Communication of ideas involves the simultaneous efforts of verbal, physical and neurological processes (Sherr, 2008). In elementary classrooms where young students are in the process of developing their verbal capacities, gestures from both the teacher and students serve as a key component of communication of new ideas and the processing of social information (Foglia & Wilson, 2013). Thus far, research efforts to understand how students utilize gestures in the communication and understanding of ideas have focused primarily on mathematics and the physical sciences (see Nemirovsky & Ferrara, 2009; Nuñez, Edwards & Matos, 1999; Shapiro, 2014; Sherr, 2008).

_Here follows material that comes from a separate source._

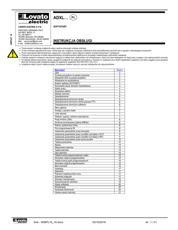 1 ADXL… PL I456PL07 16 SOFTSTART INSTRUKCJA OBSŁUGI Przed użyciem i instalacją urządzenia należy uważnie przeczytać niniejszą instrukcję. W celu uniknięcia zagrożenia dla życia i mienia tego typu urządzenia muszą być instalowane przez wykwalifikowany personel oraz w zgodzie z obowiązującymi przepisami. Przed rozpoczęciem jakichkolwiek prac związanych z przyrządem należy odłączyć napięcie od wejść pomiarowych i zasilających. Producent nie przyjmuje na siebie odpowiedzialności za bezpieczeństwo elektryczne w przypadku niewłaściwego użytkowania urządzenia. Produkty opisane w niniejszym dokumencie mogą być w każdej chwili udoskonalone lub zmodyfikowane. Opisy oraz dane katalogowe nie mogą mieć w związku z tym żadnej wartości umownej. W instalacji elektrycznej budynku należy uwzględnić przełącznik lub wyłącznik automatyczny. Powinien on znajdować się w bliskim sąsiedztwie urządzenia i być łatwo osiągalny przez operatora. Musi być oznaczony jako urządzenie służące do wyłączania urządzenia: IEC/ EN 61010-1 § 6.12.2.1. Urządzenie należy czyścić miękką szmatką, nie stosować środków ściernych, płynnych detergentów lub rozpuszczalników. Spis treści Opis Funkcje przycisków na panelu przednim Wskaźniki LED na panelu przednim Wskazania na wyświetlaczu Kreator aplikacji (AUTOSET) Poruszanie się po stronach wyświetlacza Status pracy Klawiatura zdalna Metody rozruchu Zabezpieczenia Zabezpieczenie termiczne silnika Zabezpieczenie termiczne silnika poprzez PTC Zabezpieczenie termiczne softstartu Menu główne Dostęp z użyciem hasła Lista zdarzeń Wejścia, wyjścia, zmienne wewnętrzne Progi limitów (LIMx) Zmienne kontrolowane zdalnie (REMx) Alarmy użytkownika (UAx) Port programowania IR Ustawianie parametrów przez komputer Ustawianie parametrów przez smartfon lub tablet z Wi-Fi Ustawianie parametrów przez smartfon lub tablet z NFC Ustawianie parametrów przez panel przedni Tabela parametrów Alarmy Właściwości alarmów Tabela alarmów Opis alarmów Tabela funkcji programowalnych wejść Domyślne wejścia programowalne Tabela funkcji wyjść programowalnych Domyślne wyjścia programowalne Menu komend Instalacja Zalecenia Poprawa współczynnika mocy Schematy połączeń Wymiary mechaniczne Rozmieszczenie zacisków Wybór softstartu Koordynacja Parametry techniczne Historia wersji instrukcji Dok.: I456PL10_16.docx 03/10/2016 Strona 2 2 2 2 3 4 4 4 5 6 6 6 6 7 7 7 7 8 8 8 9 9 9 9 10 10 14 14 14 14 15 15 15 15 16 17 17 17 17 19 19 20 20 20 21 str. 1 / 21 Opis Podświetlany wyświetlacz LCD z ikonami. 3 wskaźniki LED wskazujące status pracy (zasilanie, rampa/praca, awaria). Teksty pomiarów, ustawień i komunikaty w 6 językach (EN-IT-FR-ES-P-D). Klawiatura na panelu przednim z 4 przyciskami umożliwiająca ustawienie wszystkich parametrów. Kreator aplikacji AUTOSET do szybkiego ustawiania, w 4 krokach, typowych aplikacji (pompy, pompy przeciwpożarowe, przenośniki taśmowe, mieszadła, wentylatory, zastosowanie ogólne). Kontrola w 2-fazach, wbudowany przekaźnik obejściowy (by-pass). 4 różne rozmiary mechaniczne i 11 zakresów elektrycznych: do silników od 30 do 320 A prądu znamionowego. Rozruch rampą napięcia lub momentu obrotowego, z uwzględnieniem ograniczenia prądu maksymalnego rozruchu. Wentylator z termostatem (opcja w ADXL30…115), z dedykowaną diagnostyką (wentylator odłączony lub zablokowany). 3 programowalne wejścia cyfrowe, w tym jedno z możliwością skonfigurowania pod zabezpieczenie poprzez czujnik PTC. 3 programowalne wyjścia cyfrowe typu przekaźnikowego, w tym jedno przełączne (C/O) i dwa normalnie otwarte (NO). Separowane zasilanie pomocnicze. Podwójne zaciski mocy. Wbudowane elektroniczne zabezpieczenie termiczne, typu multi-class, oddzielne w przypadku rozruchu i pracy. Kompletny zestaw zabezpieczeń silnika: zanik fazy, brak linii zasilającej, kolejność faz, niezrównoważenie faz, utyk wirnika, suchobieg (minimalny moment), zbyt długi czas rozruchu, zbyt wysokie lub zbyt niskie napięcie. Analogowy czujnik temperatury do zabezpieczania tyrystorów, ze wskazaniami na wyświetlaczu oraz progami dla alarmu i alarmu wstępnego. Zaawansowana autodiagnostyka. Interfejs NFC do programowania przy użyciu smartfona. Przedni interfejs optyczny do wykonywania programowania i konserwacji. Izolowany opcjonalny interfejs RS485, podłączenie w dedykowanym gnieździe z protokołami Modbus. Alarmy z programowalnym przez użytkownika tekstem w danym języku i właściwościami. Kompatybilność z aplikacją SAM1, aplikacją NFC configurator, oprogramowaniem nadzorującym Synergy i oprogramowaniem do konfiguracji oraz kontroli zdalnej Xpress. Opcjonalne akcesoria do montażu na szynie DIN (w przypadku ADXL 30…115). Opcjonalny wyświetlacz na drzwi szafy, do sterowania wieloma urządzeniami rozruchowymi. Funkcje przycisków przednich Przyciski ▲ ▼ – Umożliwiają przewijanie poszczególnych opcji. Równoczesne naciśnięcie ich umożliwia wejście lub wyjście z poszczególnych menu. Przycisk START – Potwierdza dokonany wybór lub zwiększa wybraną wartość numeryczną. W przypadku odpowiedniego zaprogramowania go umożliwia rozruch silnika za pomocą klawiatury na panelu przednim. Przycisk STOP – Powoduje wyjście lub zmniejsza wybraną wartość numeryczną. W przypadku odpowiedniego zaprogramowania go umożliwia wyłączenie silnika za pomocą klawiatury na panelu przednim. Wskaźniki LED na panelu przednim Wskaźnik LED POWER (zielony) – Obecne zasilanie pomocnicze. Wskaźnik LED RUN (zielony) – Miganie oznacza rampę w toku. Świeci światłem ciągłym: działanie przy pełnym napięciu. Wskaźnik LED FAULT (czerwony) – Aktywny alarm. Wskazania na wyświetlaczu Aplikacja typu przenośnik taśmowy Aplikacja typu wentylator Aplikacja typu mieszadło Aplikacja typu pompa przeciwpożarowa Aplikacja ogólna Aplikacja typu pompa odśrodkowa Wyświetlanie stan

With the introduction of the Next Generation Science Standards (NGSS Lead States, 2013), students engineering is now included in K-12 instruction. Engineering education centers around designing and optimizing solutions to engineering challenges. The creation of a design solution differentiates engineering education from other classroom subject areas. Current work in engineering education focuses mostly on students’ words or drawings, leaving out gestures as an important component of students' communication of engineering designs. This study aimed to contribute to the general understanding of students’ use of gestures and manipulatives when discussing their engineering design solutions and is part of a larger NSF-funded project. Students participated in pre- and post-field trip classroom activities that extended learning done on an engineering-focused field trip to the local science center into the classroom. For this study, we focused on a module that challenged students to design a craft that either slowed the fall of a penny (classroom engineering design challenge) or hovered in a column of upward moving air (field trip engineering design challenge). We analyzed six videos (3 from the classroom and 3 from the field trip) of first-grade student explanations of their crafts to identify their use of gestures and prototyped craft design solutions in communicating. In this paper, we explore how student use of gestures and use of prototyped design solutions overlap and differentiate to understand how student sense-making can be understood through each.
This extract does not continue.